Ya..... it shouldn't be too hard..... I have the factory service procedures for removing the differencial if you need them.

The biggest problem is that there is a special tool required to disassemble the tranny..... basicly it's a GM tool that has to bought from a dealer.

I think it's rather expensive if I remember correctly.... I was planning on simply making one.

When I get home I will try and dig up some info for you.

As well.... you could search migweb, astramk2 and other forums like that since there will be "how to" posts or sections on the transmission disassembly.

Most of them had the F16 and F20 which is virtually identical to your D20 forenza transmission.

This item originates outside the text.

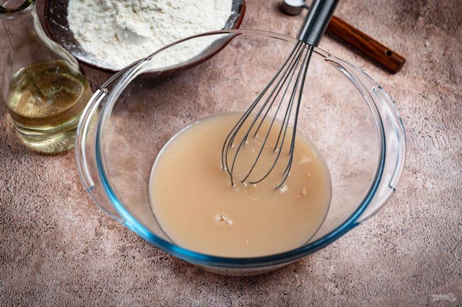 Залейте теплую воду и активно перемешайте венчиком до полного растворения дрожжей.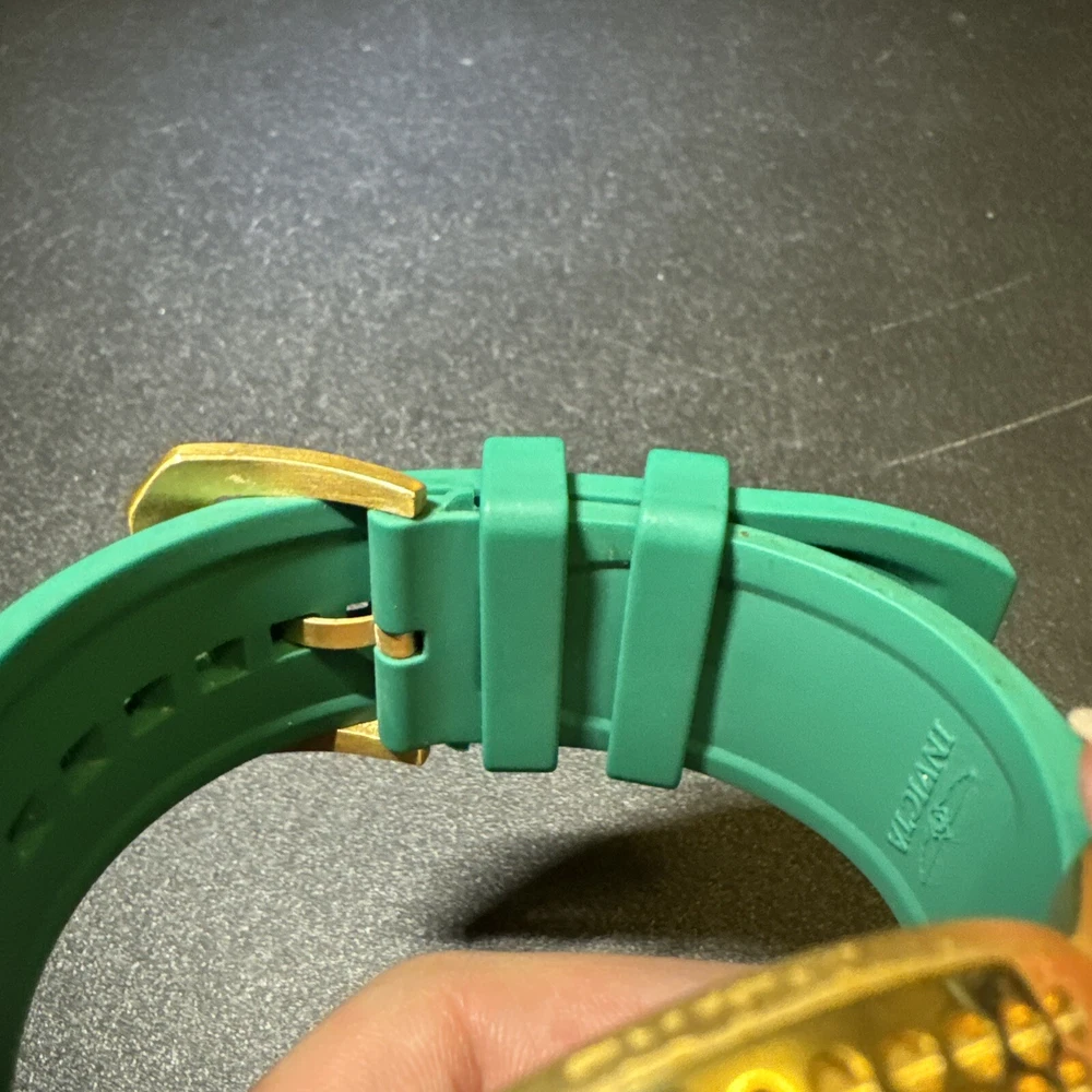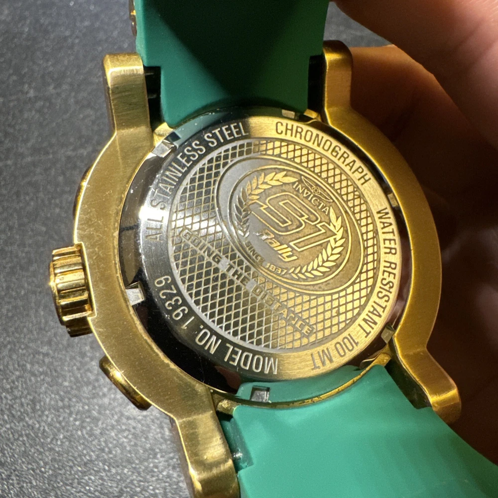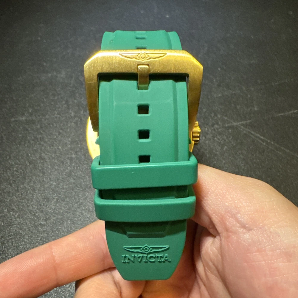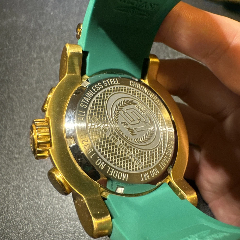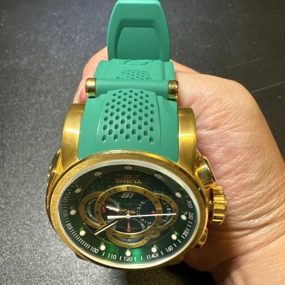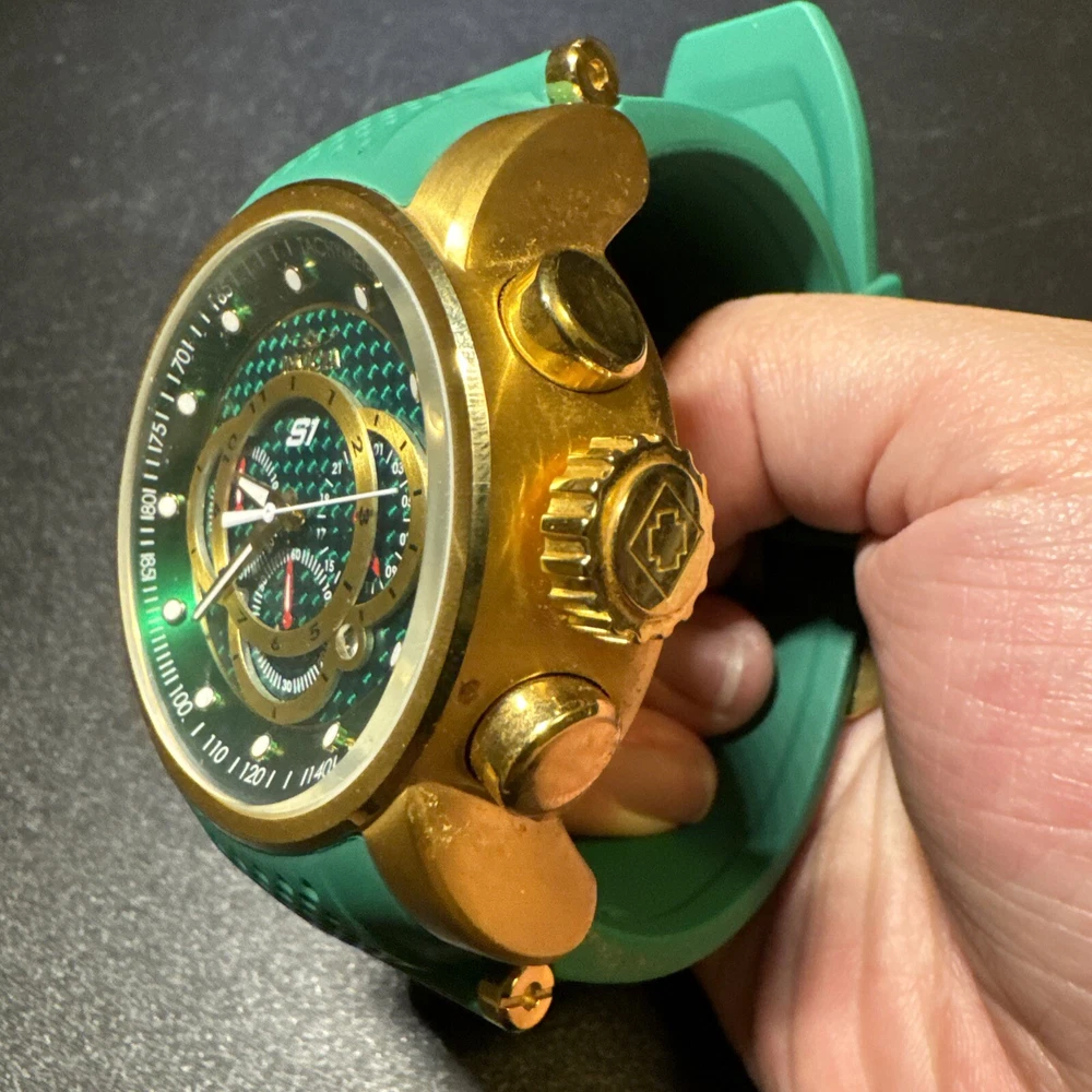 Introducing the Invicta 19329 Men's Watch, a luxurious timepiece with a 52mm polished stainless steel case and a green dial. This watch features a quartz movement, water resistance up to 100m, and a chronograph function. The bezel is gold in color and the band is made of both stainless steel and silicone materials. This watch is perfect for any occasion, whether it's a formal event or a casual day out. It comes with a date indicator and scratch-resistant mineral crystal. The lug width is 26mm and the band is strap-style. This modern watch is a great addition to any collection. Personal used condition in collection. Not currently running. NEEDS NEW BATTERIES! Bought couple years back and it's been in storage. No box. Just the watch itself with the band. Very good pristine condition. Currently sold out at retail value on official site: $289.00 very rare to find. offers welcome.

I also am having troubles with the 2nd gear syncros when the tranny is cold..... one of these days I'm going to have to look at putting in a different tranny fluid before they go away for ever.

Most of the time I simply double clutch....which isn't hard if you get use to it.

Many race/rally car drivers have to double clutch since they are using dog boxes (straight cut gears with no syncros )

Once you get really good at it you can also throw in Rev matching..... basicly when the RPM of the engine match the RPM of the tranny gear your selecting you can shift without a clutch.

Quaife makes a dog gear upgrade for the F20/F16.... they will increase power handling capacity big time.... but double clutching is something that has to be done all the time.

On this next tranny.... perhaps you should consider learning to double clutch to avoid smoking your syncros..... it can be done just as quick as a regular shift if you practice.

But when practicing you have to be carefull not to grind the gears.... I'd suggest trying it first on a straight line so that you don't have to deal with multiple things at once.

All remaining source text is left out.